■ **What is expected**: Everything from the "Áß Á÷¿ø ±ÍÃ¥·üÀÌ" line to the final line of the listing should be written out exactly. Skip the pictures.

■ **Given data**:
◇ ◇ ◇ ◇ ◇ ◇ ◇

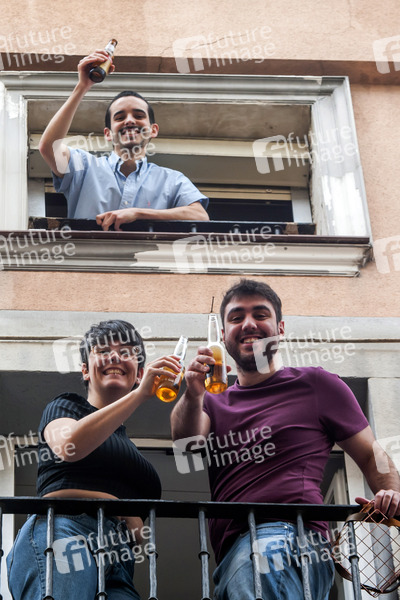 Nachbarschafts-Balkonparty in der Calle de las Maldonadas - Tag 35 seit Verhängung des Ausnahmezustands durch die spanische Regierung wegen der Coronakrise. Madrid, 18.04.2020
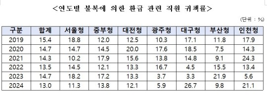 ƯÈ÷ ºÒº¹ »ç°Ç Áß Á÷¿ø ±ÍÃ¥·üÀÌ ¹®Á¦·Î ÁöÀûµÈ´Ù. ÃÖ±Ù 6³â°£ ±¹¼¼Ã» Àüü ±ÍÃ¥·üÀº 13~15% ¾ÈÆÆ¿¡ ¸Ó¹°·¯, Á¶¼¼ ºÒº¹ 10°Ç °¡¿îµ¥ 1°Ç ÀÌ»óÀº Á÷¿ø À߸øÀ¸·Î ȯ±ÞÀÌ ¹ß»ýÇÑ ¼ÀÀÌ´Ù.
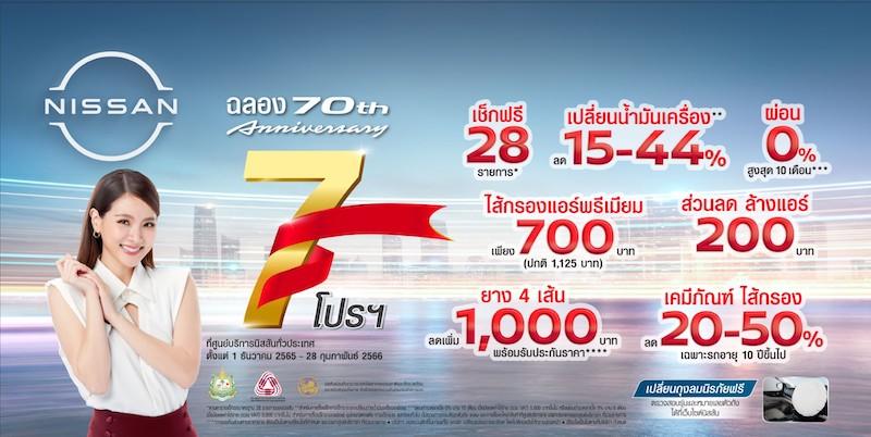 เพื่อร่วมฉลอง 70 ปีของนิสสันในประเทศไทย นิสสันได้มอบแพ็คเกจพิเศษสำหรับบริการหลังการขาย เพื่อช่วยเพิ่มความอุ่นใจและความพึงพอใจให้แก่ลูกค้า ข้อเสนอพิเศษนี้จะเริ่มตั้งแต่เดือนธันวาคม 2565 ไปจนถึงกุมภาพันธ์ 2566 เพื่อช่วยให้ลูกค้ามั่นใจและอุ่นใจตลอดการเดินทางในช่วงเทศกาล โดยลูกค้าสามารถนำรถเข้าเช็คระยะฟรี 28 รายการ ล้างรถ ดูดฝุ่น พร้อมรับส่วนลด 1,000 บาทเมื่อเปลี่ยนยาง 4 เส้นในราคาพิเศษ

◇ ◇ ◇ ◇ ◇ ◇ ◇

■ **Exercise solution**:
 ƯÈ÷ ºÒº¹ »ç°Ç Áß Á÷¿ø ±ÍÃ¥·üÀÌ ¹®Á¦·Î ÁöÀûµÈ´Ù. ÃÖ±Ù 6³â°£ ±¹¼¼Ã» Àüü ±ÍÃ¥·üÀº 13~15% ¾ÈÆÆ¿¡ ¸Ó¹°·¯, Á¶¼¼ ºÒº¹ 10°Ç °¡¿îµ¥ 1°Ç ÀÌ»óÀº Á÷¿ø À߸øÀ¸·Î ȯ±ÞÀÌ ¹ß»ýÇÑ ¼ÀÀÌ´Ù.
 เพื่อร่วมฉลอง 70 ปีของนิสสันในประเทศไทย นิสสันได้มอบแพ็คเกจพิเศษสำหรับบริการหลังการขาย เพื่อช่วยเพิ่มความอุ่นใจและความพึงพอใจให้แก่ลูกค้า ข้อเสนอพิเศษนี้จะเริ่มตั้งแต่เดือนธันวาคม 2565 ไปจนถึงกุมภาพันธ์ 2566 เพื่อช่วยให้ลูกค้ามั่นใจและอุ่นใจตลอดการเดินทางในช่วงเทศกาล โดยลูกค้าสามารถนำรถเข้าเช็คระยะฟรี 28 รายการ ล้างรถ ดูดฝุ่น พร้อมรับส่วนลด 1,000 บาทเมื่อเปลี่ยนยาง 4 เส้นในราคาพิเศษ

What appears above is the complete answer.